The concentration camp at Dachau was set up within months, the first of many. Within about a year, the Gestapo completed the decimation of the Communist opposition, as brutal murders and death sentences imposed by judges took their toll, using new laws and ignoring others. Prison sentences and executions were proudly announced in newspapers. The trade unions collapsed under vicious assault. The Nazi state quickly eliminated basically all human and civil rights that had existed under the Weimar Republic. The fate of Jews and others considered ''racial outsiders," and homosexuals and Gypsies, as well as those considered ''asocial" (prostitutes were added to the list) or ''work-shy," became increasingly clear. Laws banning Jews from civil service, the judiciary, and teaching prepared the way for the Nuremberg Laws in 1935.
Organized opposition rapidly disappeared. The Protestant churches, which provided a disproportionate number of Hitler's earlier followers, and the Catholic Church were quiescent. As the Hitler Youth Organization increased its membership dramatically, reaching 2.3 million boys and girls by the end of 1933 (8.7 million in 1939), teachers had to avoid letting a critical word slip, lest they be denounced by a pupil.

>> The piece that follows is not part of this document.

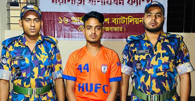 শনিবার (২৮ মে ) ভোর রাতে টেকনাফ নয়াপাড়া রেজিস্টার্ড ক্যাম্পের এইচ ব্লক থেকে তাকে আটক করা হয়। সে ক্যাম্পের এইচ- ব্লকের ৬৭৭/১ নং শেডের মৃত মোহাম্মদ হোসেনের ছেলে।

Idle gossip and jokes could be dangerous. One joke had a group of rabbits turning up at the Belgian frontier, asking for status as political refugees. ''The Gestapo wants to arrest all giraffes as enemies of the state," they explained. ''But you are not giraffes," a border guard noted. ''We know that," the rabbits insisted, ''but try explaining that to the Gestapo." The very same joke circulated in Stalin's Soviet Union at the same time, with the KGB replacing the Gestapo.

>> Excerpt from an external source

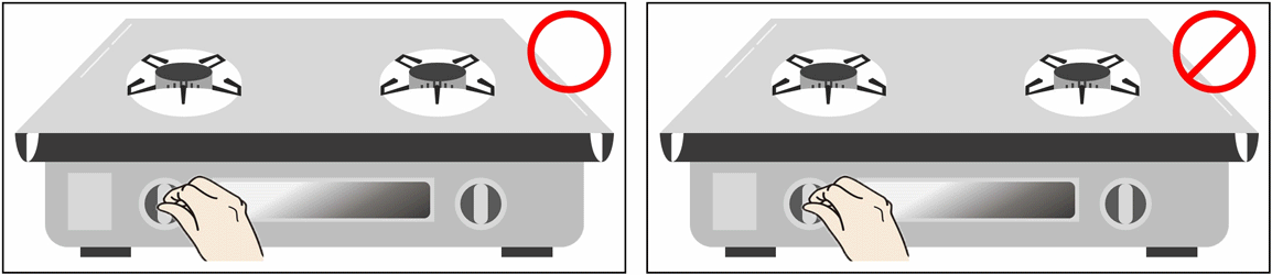 ※ 가스레인지가 켜지지 않는다면 가스공급이 안되는 경우이므로 가스계량기 밸브가 열려 있는지 확인해 주시기 바랍니다.

Culling details from memoirs and other contemporary accounts, Evans pictures a Gestapo office with young women typing beneath portraits of Hitler and other major Nazi figures, keeping the records updated, oblivious to the screams of people being beaten and tortured. The atomization of German society and the loss of individuality continued unabated. Despite Hitler's overwhelming popularity, the Nazis did not achieve a total identification of the individual German with his or her race and the Nazi state. Millions of ordinary Germans simply retreated into their homes.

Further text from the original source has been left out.